Indiana police
In this image, Lake County, Indiana police officers secure the area near the scene of a reported sniper shooting in Hammond, Indiana, July 28, 2006 Scott Olson/Getty Images

An Alabama woman has been indicted for the death of her unborn baby after being shot in 2018.

The shooting occurred outside of a General Dollar store in Pleasant Grove, Alabama, on December 4, 2018. Police rushed out to the scene after receiving a call about someone being shot outside the store. However, when they arrived, there was no sign of the victim, later identified as Birmingham-native Marshae Jones. She was instead found outside a convenience store in Fairfield, Alabama, later on where she revealed she had been picked up and driven there.

Once found, Jones was rushed to UAB Hospital in Birmingham to receive treatment for her stomach wound. It was there authorities learned she was five months pregnant and the baby did not survive the gunshot.

The initial investigation led to the arrest of 23-year-old Ebony Jemison on charges of manslaughter for the unborn baby’s death. The charges against Jemison would later be dropped after a grand jury failed to indict her.

Police attention then shifted to Jones as investigators learned the argument stemmed from Jones. She had confronted Jemison about the baby’s father and refused to back off from Jemison. Instead, Jones escalated the fight, forcing Jemison to defend herself according to investigators.

“The investigation showed that the only true victim in this was the unborn baby,” Pleasant Grove police Lt. Danny Reid said on the shooting. “It was the mother of the child who initiated and continued the fight which resulted in the death of her own unborn baby.”

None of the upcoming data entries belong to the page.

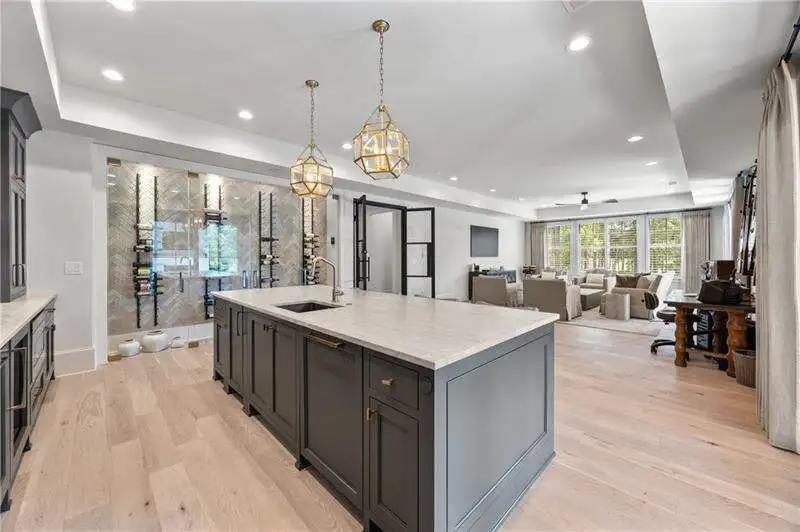 - Gourmet kitchen with custom island and wine fridge
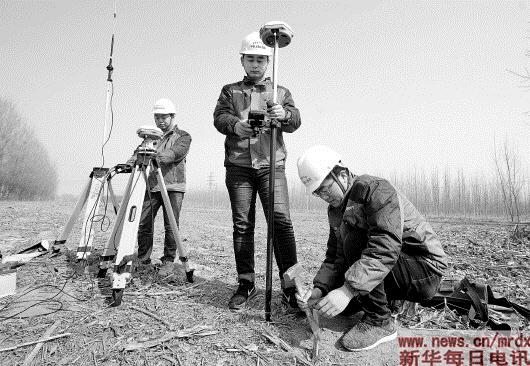 ▲3月2日,在河北霸州,中铁上海工程局集团京雄城际铁路五标项目部工作人员进行坐标放样。北京至雄安城际铁路是雄安新区首个重大交通项目,正线全长92.4公里,共设5座车站,总投资约335.3亿元,全线将于2020年底投入使用。
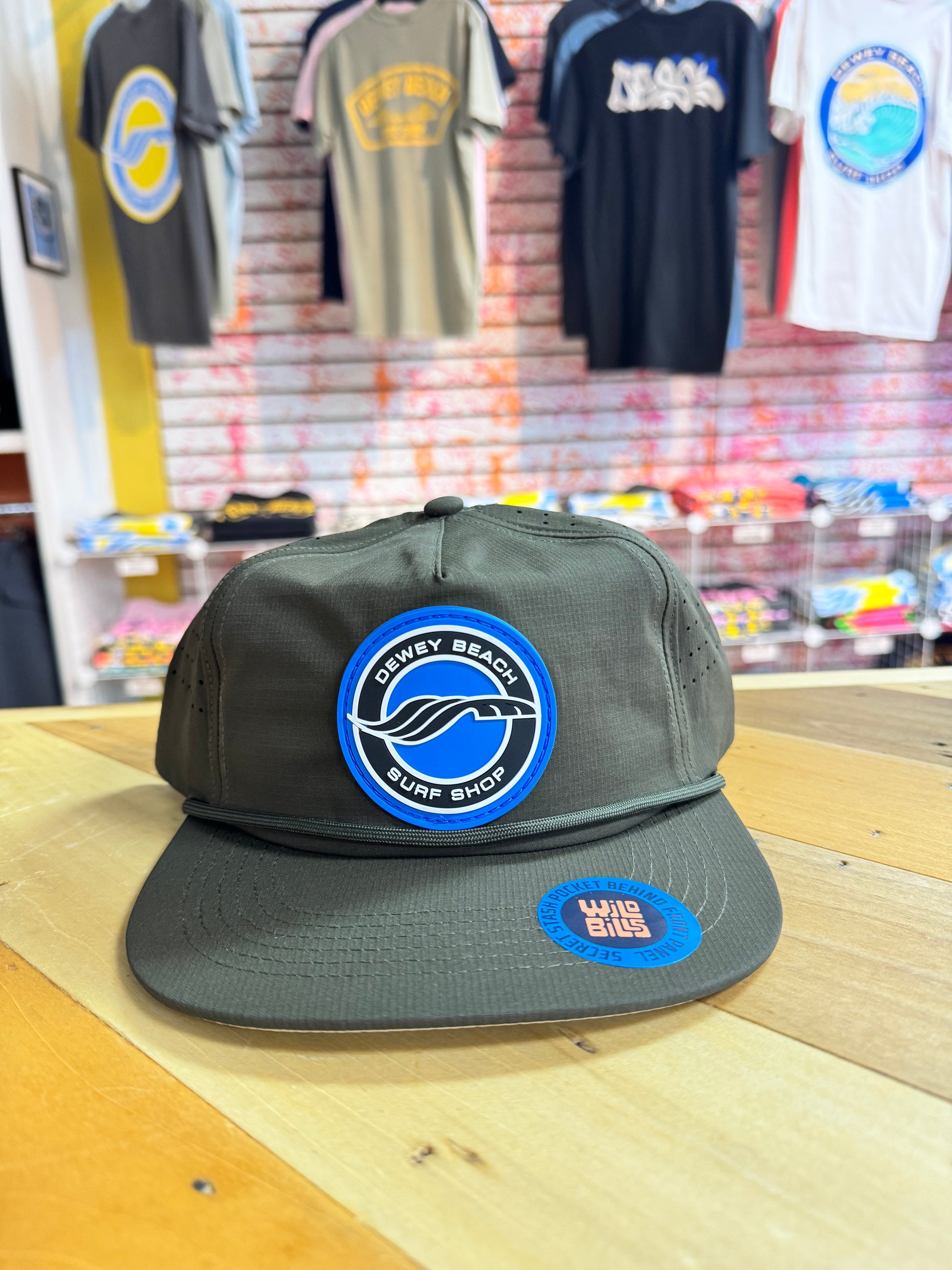 Olive and tan hat with olive rope and Dewey Beach Surf Shop OG patch.

Jones indictment has been met with severe criticism from women’s rights groups, especially in light of recent restrictions placed on abortion within Alabama.

“The state of Alabama has proven yet again that the moment a person becomes pregnant their sole responsibility is to produce a live, healthy baby and that it considers any action a pregnant person takes that might impede in that live birth to be a criminal act,” Yellowhammer Fund Executive Director Amanda Reyes said in a statement.